ASSIGNMENT: Your job is to print, exactly, the lines in the data below from the line with "En la explanada" through the line with "Dívčí pyžamo z", both included, and to omit any picture.

RECORD SET:
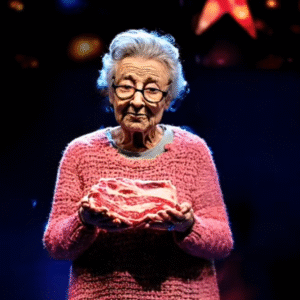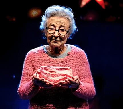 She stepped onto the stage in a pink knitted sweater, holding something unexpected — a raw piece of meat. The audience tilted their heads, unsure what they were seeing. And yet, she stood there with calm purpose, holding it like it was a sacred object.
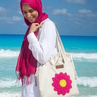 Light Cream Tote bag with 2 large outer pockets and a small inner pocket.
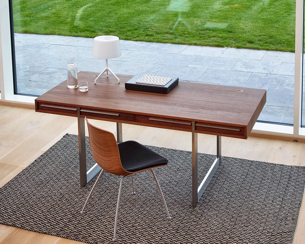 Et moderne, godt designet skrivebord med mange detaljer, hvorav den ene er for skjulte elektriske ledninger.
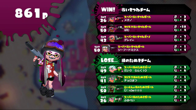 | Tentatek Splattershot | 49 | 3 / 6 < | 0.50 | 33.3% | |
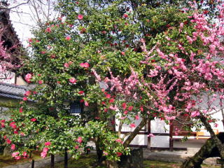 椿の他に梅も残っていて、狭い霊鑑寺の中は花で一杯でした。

* * *

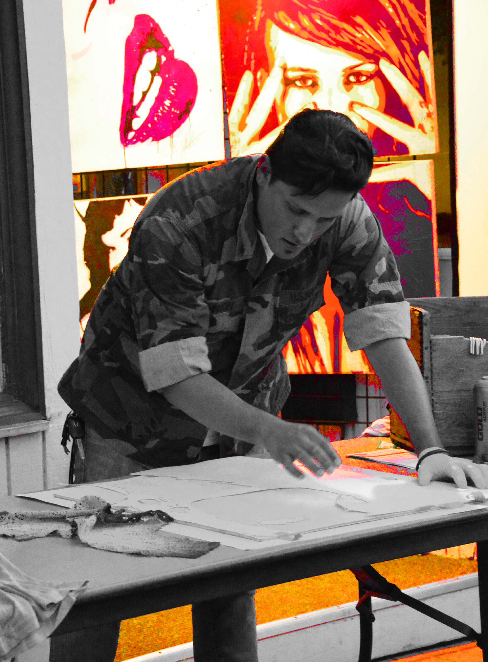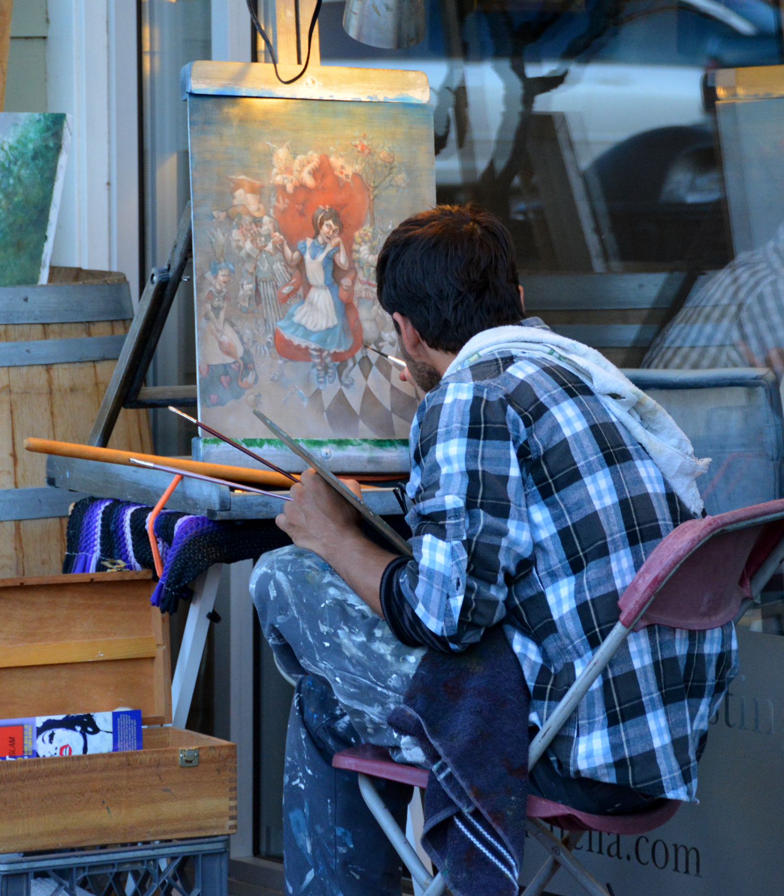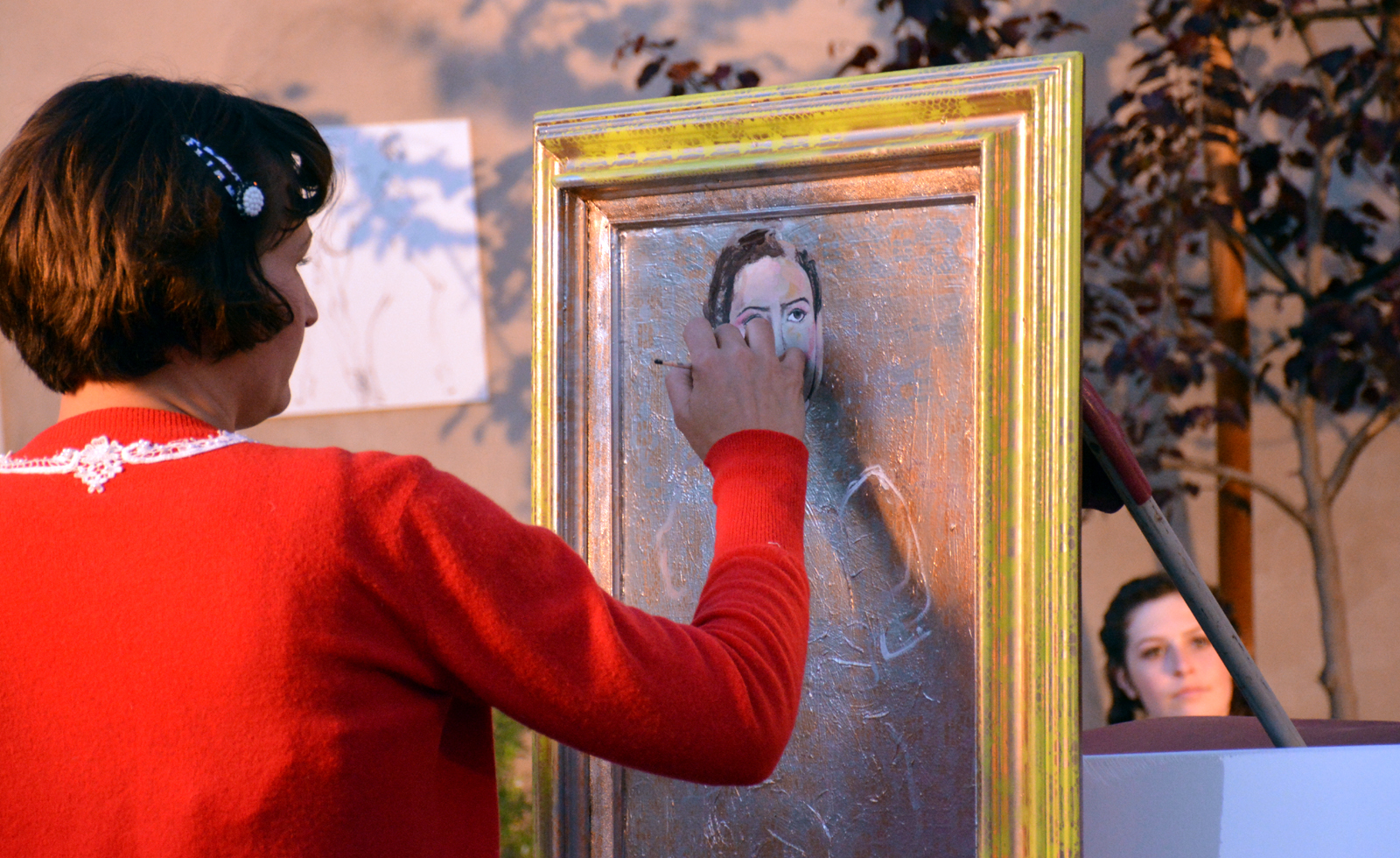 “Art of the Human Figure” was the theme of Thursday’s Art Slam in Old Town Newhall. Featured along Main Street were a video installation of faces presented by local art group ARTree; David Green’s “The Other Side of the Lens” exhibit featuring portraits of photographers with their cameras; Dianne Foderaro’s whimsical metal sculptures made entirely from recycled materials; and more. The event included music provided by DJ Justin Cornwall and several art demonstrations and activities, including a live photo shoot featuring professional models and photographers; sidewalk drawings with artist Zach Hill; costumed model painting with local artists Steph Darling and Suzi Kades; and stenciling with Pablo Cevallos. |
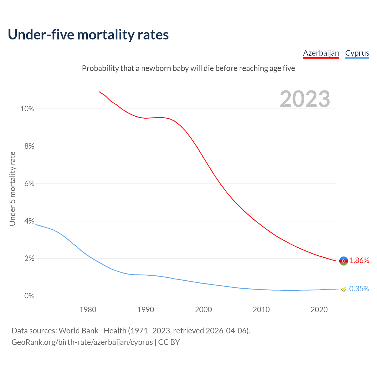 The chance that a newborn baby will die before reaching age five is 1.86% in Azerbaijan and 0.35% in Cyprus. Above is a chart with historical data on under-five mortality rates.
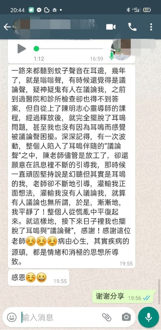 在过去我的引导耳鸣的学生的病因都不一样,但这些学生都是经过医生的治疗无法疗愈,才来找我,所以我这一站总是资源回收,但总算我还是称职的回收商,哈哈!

--

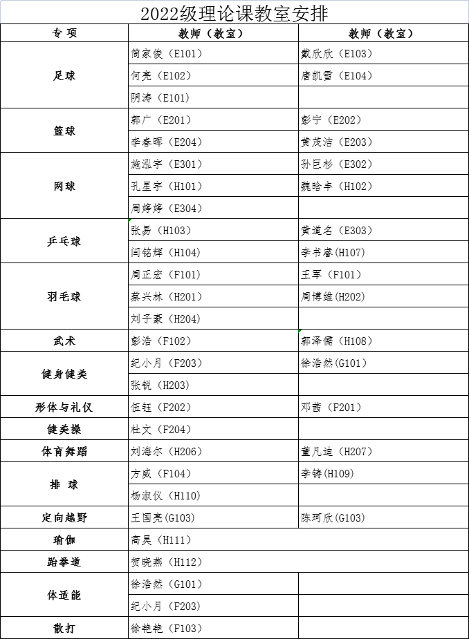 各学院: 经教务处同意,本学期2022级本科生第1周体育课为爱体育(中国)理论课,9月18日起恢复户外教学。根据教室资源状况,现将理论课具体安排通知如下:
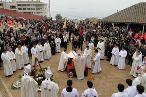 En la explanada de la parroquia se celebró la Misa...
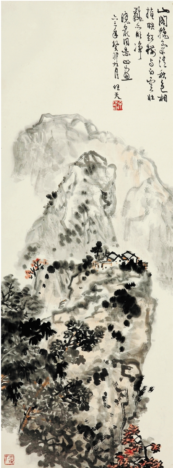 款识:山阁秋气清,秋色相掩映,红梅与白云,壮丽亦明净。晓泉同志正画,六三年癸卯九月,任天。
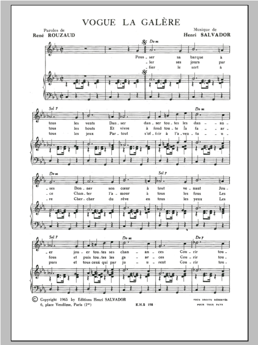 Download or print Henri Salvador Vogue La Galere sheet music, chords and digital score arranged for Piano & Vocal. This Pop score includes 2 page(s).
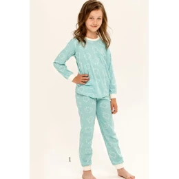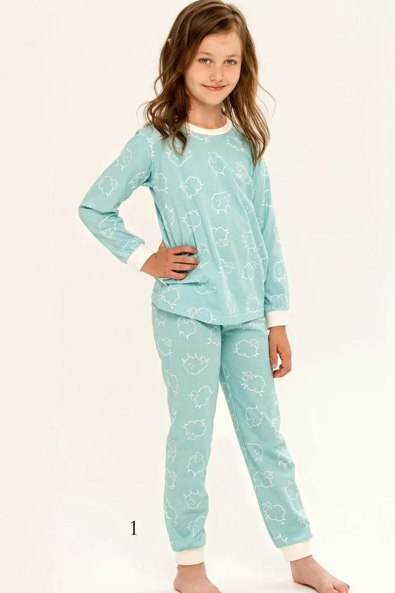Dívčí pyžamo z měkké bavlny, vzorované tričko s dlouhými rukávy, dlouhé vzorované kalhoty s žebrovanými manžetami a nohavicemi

WRITTEN RESPONSE:
 En la explanada de la parroquia se celebró la Misa...
 款识:山阁秋气清,秋色相掩映,红梅与白云,壮丽亦明净。晓泉同志正画,六三年癸卯九月,任天。
 Download or print Henri Salvador Vogue La Galere sheet music, chords and digital score arranged for Piano & Vocal. This Pop score includes 2 page(s).
Dívčí pyžamo z měkké bavlny, vzorované tričko s dlouhými rukávy, dlouhé vzorované kalhoty s žebrovanými manžetami a nohavicemi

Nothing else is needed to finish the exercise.